Space Complexity: O(1)
We use only a handful of variables (f, kPow, maxF, loop counters). No arrays or data structures that grow with input size.
Why This Approach Is Not Efficient
With N up to 1,000,000 and Z up to N, the brute force performs up to N × Z ≈ 10¹² operations in the worst case. Even at 10⁸ operations per second, this would take roughly 10,000 seconds — far exceeding any reasonable time limit.
The fundamental waste: when the window slides one position right, Z-1 characters remain in the window. Yet we discard all our work and recompute F from scratch for the new window. For example, windows "ecd" and "cdr" share characters 'c' and 'd', but we multiply them by K powers independently in each window.
The key insight is that the polynomial hash function has a rolling property.
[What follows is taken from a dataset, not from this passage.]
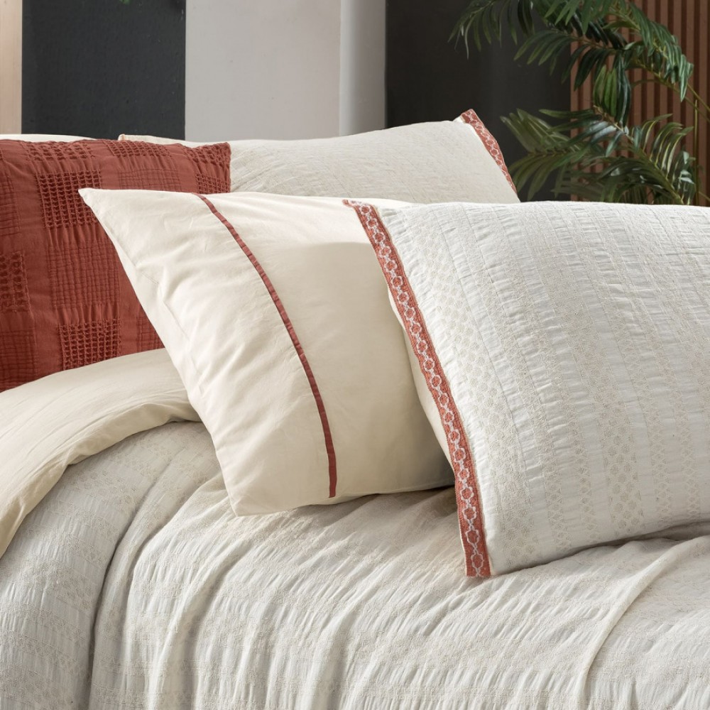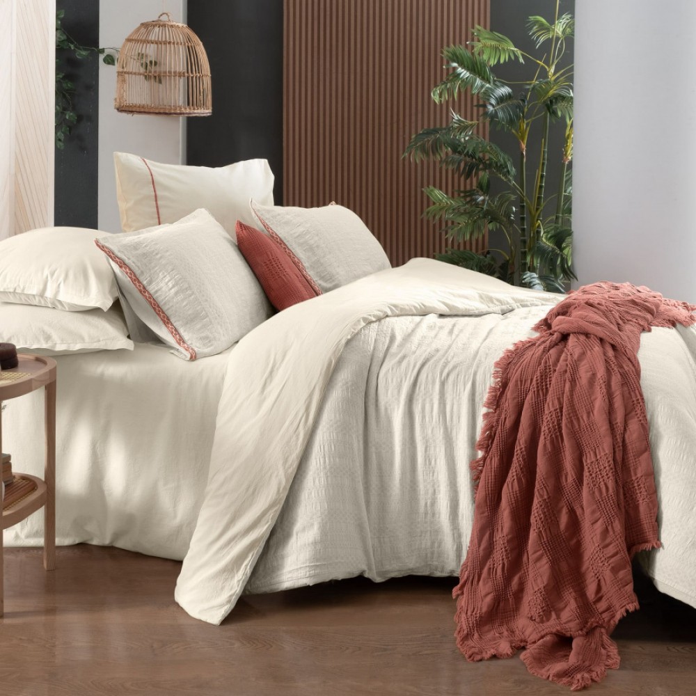 Комплекты постельного белья «Palencia» выполнены в стиле Бохо. Красивый натуральный оттенок небеленого хлопка дополняет терракотовая отделка. В натуральных оттенках жатые воздушные фактуры выглядят особенно выгодно. В дизайне использованы две ткани. Основная сделана из жатого хлопка с текстурированными вставками. Ткань-компаньон - вареный хлопок. В составе 100% отборный хлопок. Ткани прошли обработку по технологии stonewashed. Так ткани становятся еще мягче, приобретают бархатисто-припудренный эффект и нарочито мятую фактуру.

When we remove one character from the left of the window and add one character on the right, we can mathematically update the old hash to get the new hash in O(1) time — without touching the Z-1 shared characters at all.
If F(i) = S[i]×K⁰ + S[i+1]×K¹ + ... + S[i+Z-1]×K^(Z-1), then:
F(i+1) = (F(i) − S[i]) × K⁻¹ + S[i+Z] × K^(Z-1) (mod M)
Subtract the leaving character's contribution, divide by K to shift all exponents down by one, then add the entering character at the highest power. This transforms an O(Z) per-window computation into O(1) per-window.
Optimal Approach - Sliding Window Rolling Hash
Intuition
Instead of recomputing F for every window, we compute it once for the first window and then roll it forward, updating the hash in constant time as the window slides.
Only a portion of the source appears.